Machine learning models are needed to encode long-form text for various natural language processing tasks, including summarizing or answering questions about long documents. Since the attention cost increases quadratically with input length and forward and projection layers must be applied to each input token, processing long texts using a Transformer model is computationally expensive. Several “Efficient Transformer” strategies have been released in recent years that reduce the cost of the attendant mechanism for long inputs. However, the preview and projection layers, particularly for larger models, bear the brunt of the computational load and can make it impossible to parse long inputs. This study presents COLT5, a new family of models that, by integrating architectural improvements for the attention and feedback layers, build on LONGT5 to enable fast processing of long inputs.

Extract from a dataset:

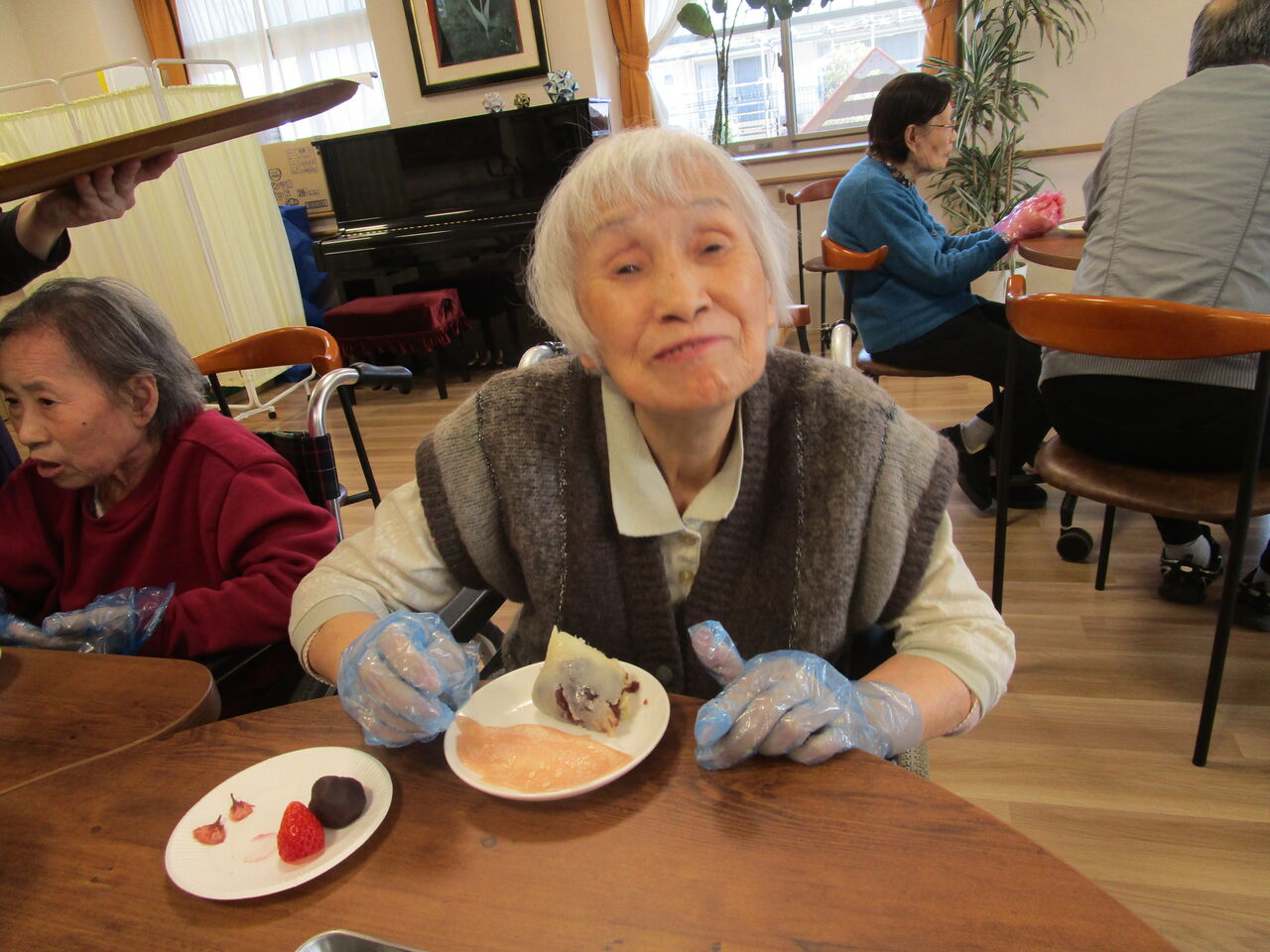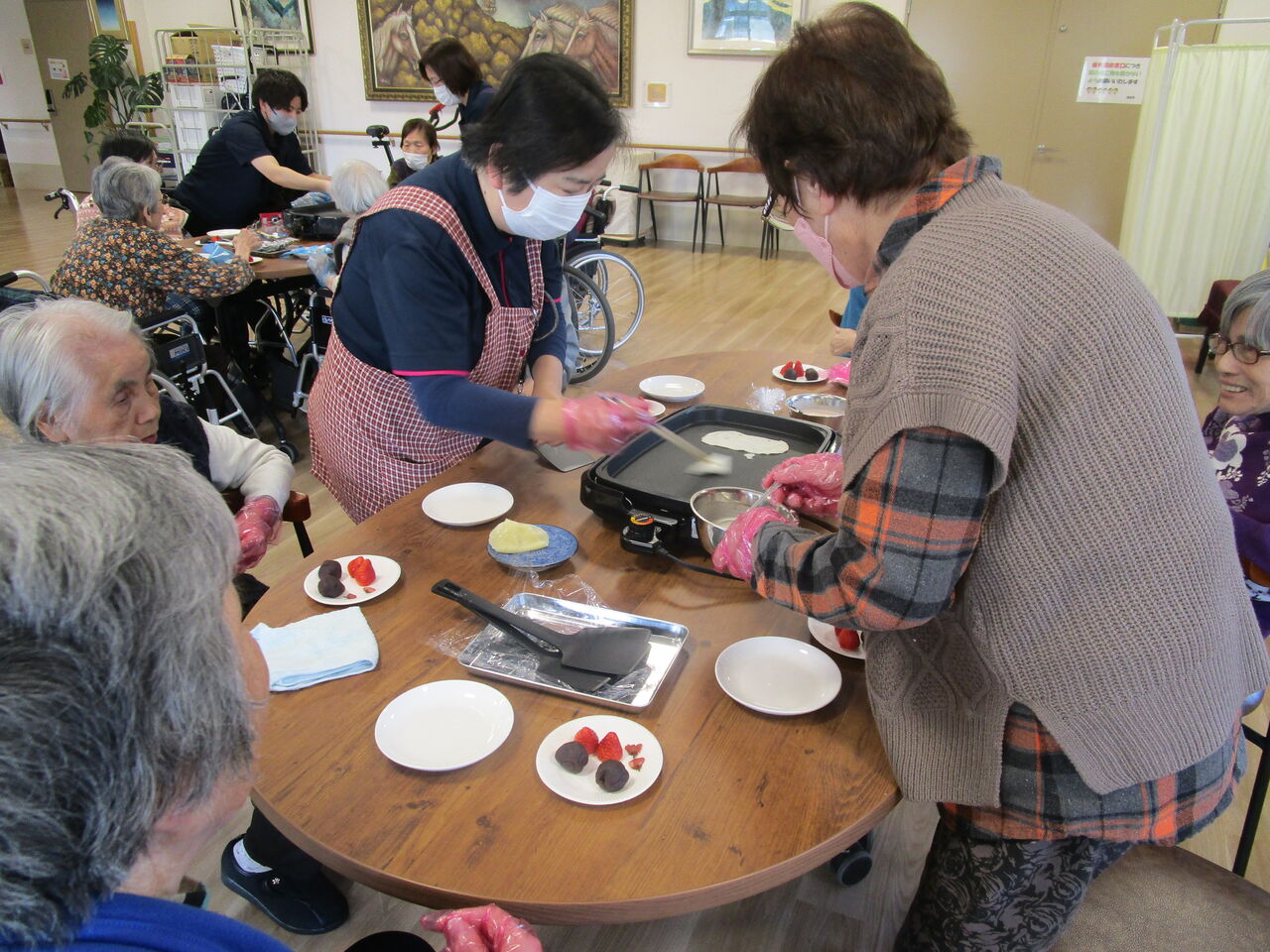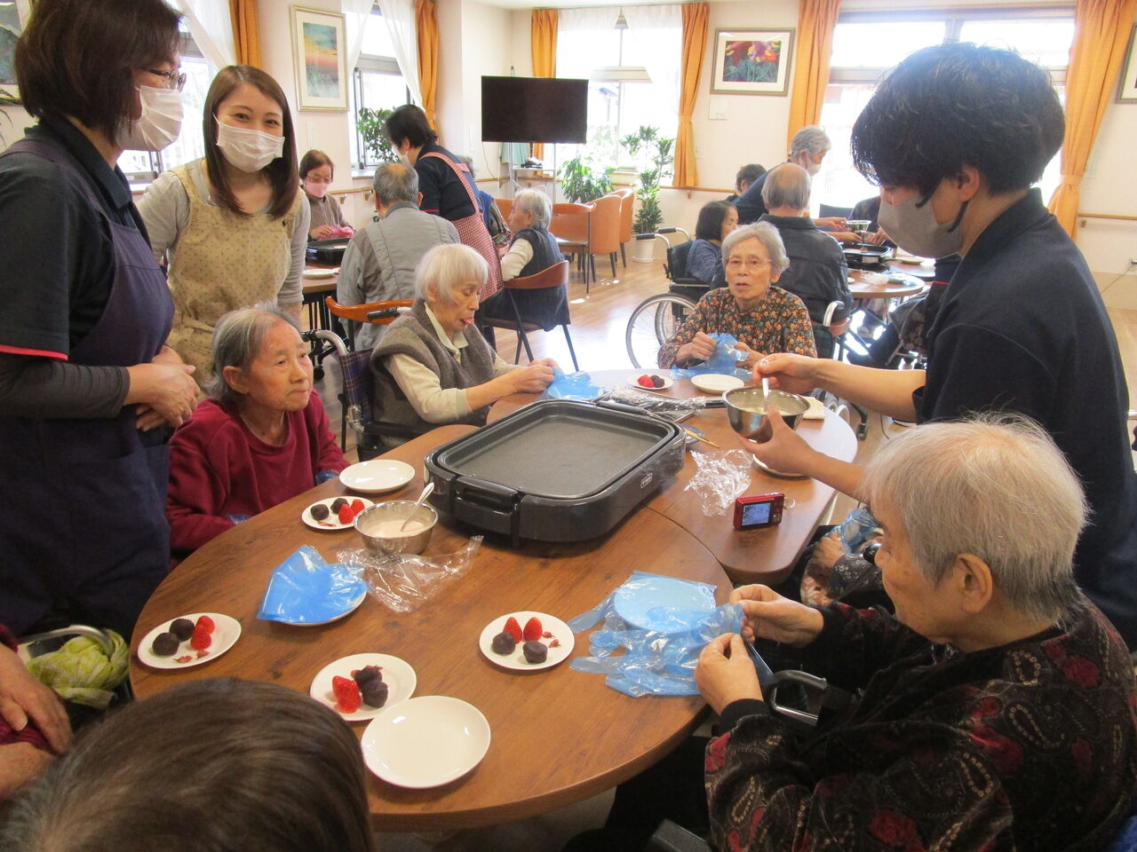 2024年02月08日 季節先取り!桜餅作り! 暦の上では、春。実際には、まだ春は遠いですが・・・たぶん、全国の特養の中でも桜餅作りは、早いほうから5本の指に入るのではないでしょうか ホットプレートで、生地を焼き・・・イチゴとあんこを包み桜の花びら🌸を載せて、でき上がり~~🎵生地も紅白で、めでたい感じです皆さん、今月も大満足のおやつクラブでした 「おやつクラブ」カテゴリの最新記事 < 前の記事次の記事 > コメント コメントフォーム 名前 コメント 記事の評価 リセット リセット 顔 星 情報を記憶 コメントを投稿する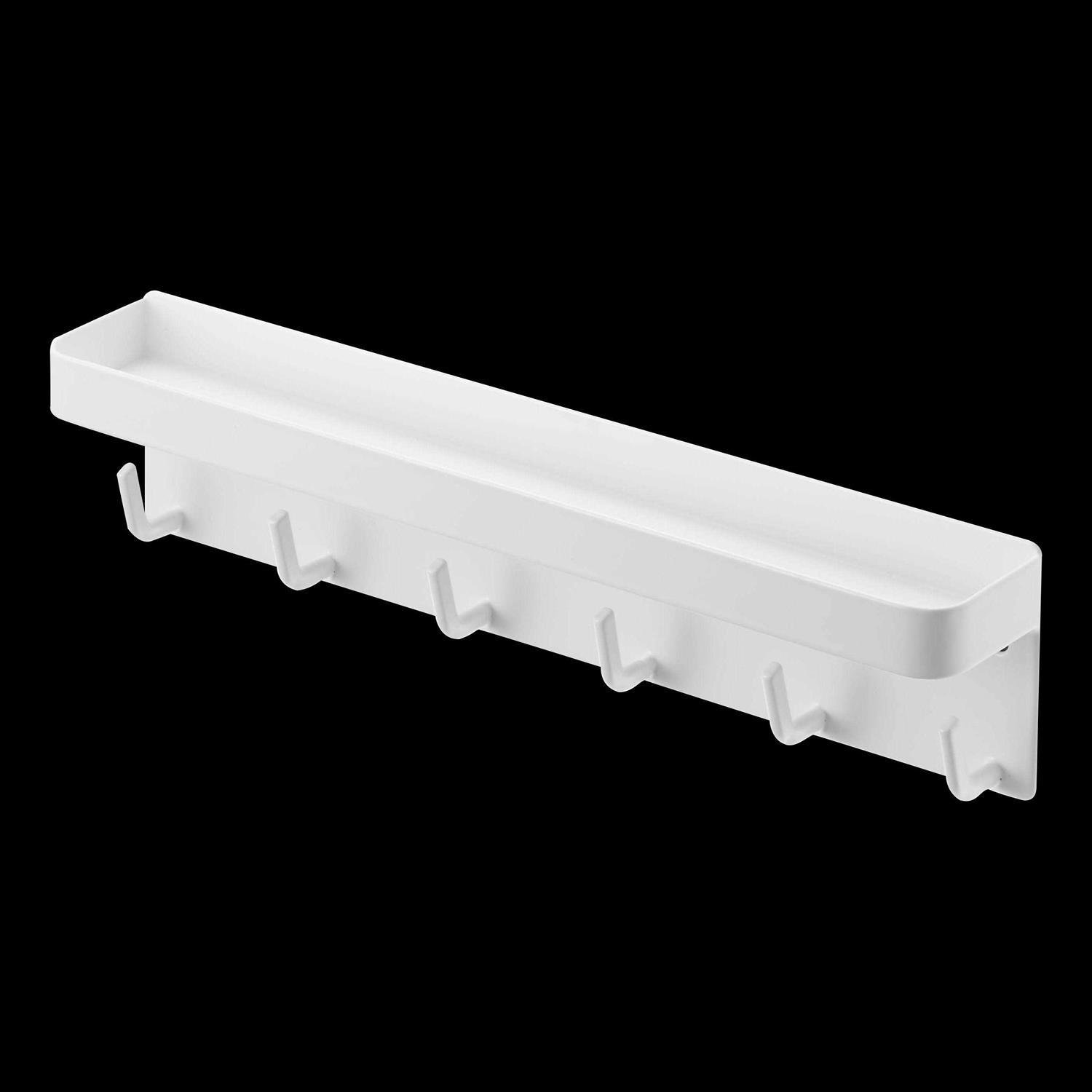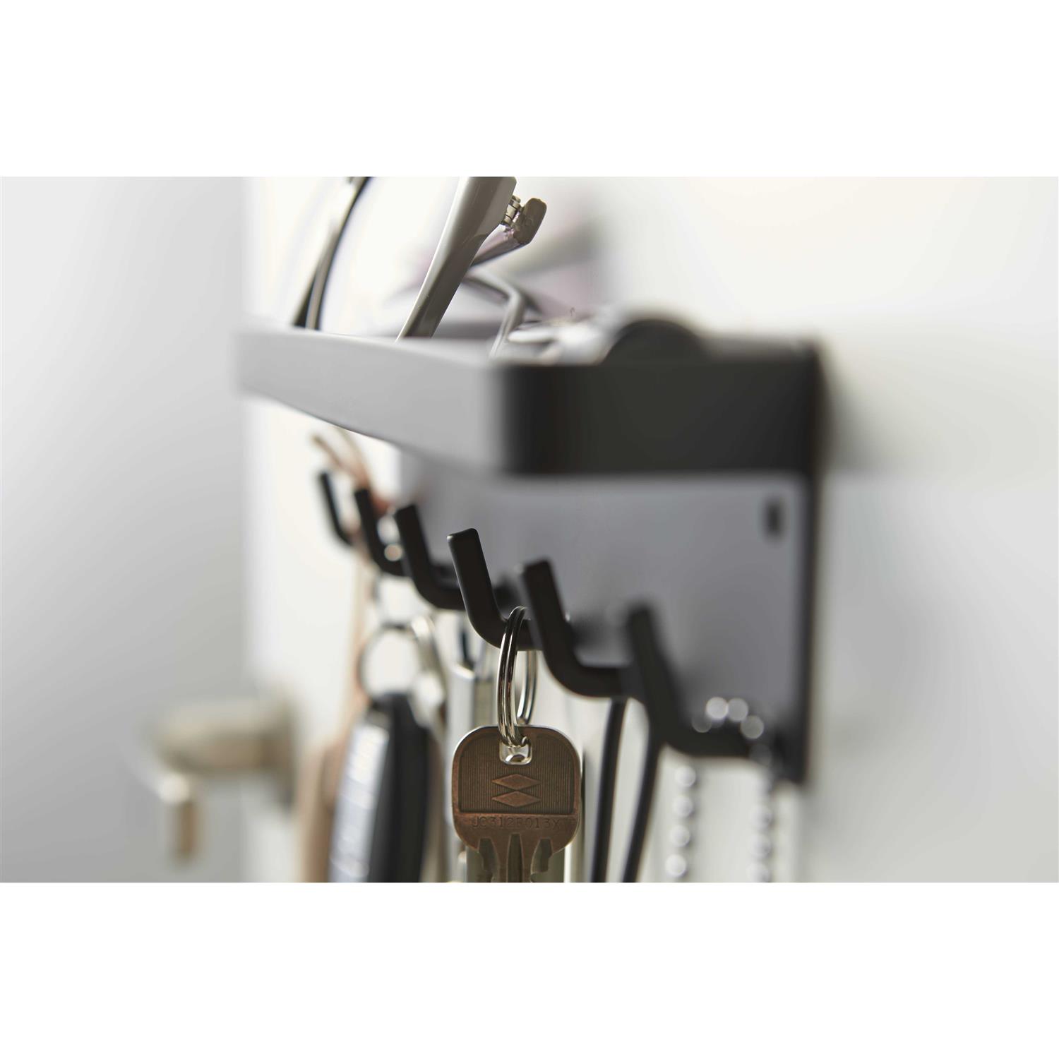 Yamazaki Smart Magnetic Key Storage Hanger with 6 Hooks and Tray in BlackYou can fix this extremely practical, neat and unobtrusive storage item magnetically to any suitable surface as it comes with a full length and width magnetised sticky pad. Simply stick the pad to any smooth, clean surface, ensure it has been firmly pressed on and secured, then attach the metal storage unit itself to the magnetised side. Quick, simple, easily removable and no drill holes to fill later or drilling dust to clean up! Do remember though sticky pads can damage surfaces such as paint etc. Alternatively you can fix to a wall, door, cupboard or other suitable surface using the 2 screws supplied. The perfect way to always know where your keys are! With 6 hooks you can not only hang car, home, office, garage and other keys but also maybe a portable umbrella, cap or similar itemsThe top tray has a ridge all the way around allowing you to store loose items or glasses, torches and other things you may need when you venture out.All Yamazaki products are compactly designed to fit in living areas where storage is limited. Always check the dimensions to ensure it fits the intended space, if in doubt please shout out!

The foundation of COLT5 is the understanding that certain tokens are more important than others and that by allocating more compute to important tokens, higher quality can be achieved at reduced cost. For example, COLT5 separates each advance layer and each attention layer into a light branch that applies to all tokens and a heavy branch that is used to select significant tokens chosen especially for that input and component. Compared with normal LONGT5, the hidden dimension of the light feedforward branch is smaller than that of the heavy feedforward branch. Also, the percentage of significant tokens will decrease with the length of the document, allowing for manageable processing of long texts.
An overview of the COLT5 conditional mechanism is shown in Figure 1. The LONGT5 architecture has undergone two more changes thanks to COLT5. The heavy attention branch provides full attention through a different set of carefully chosen meaningful tokens, while the light attention branch has fewer heads and applies local attention. Multiple query cross-attendance, featured by COLT5, dramatically speeds up inference. In addition, COLT5 uses the UL2 pretraining target, which they show allows for in-context learning across long inputs.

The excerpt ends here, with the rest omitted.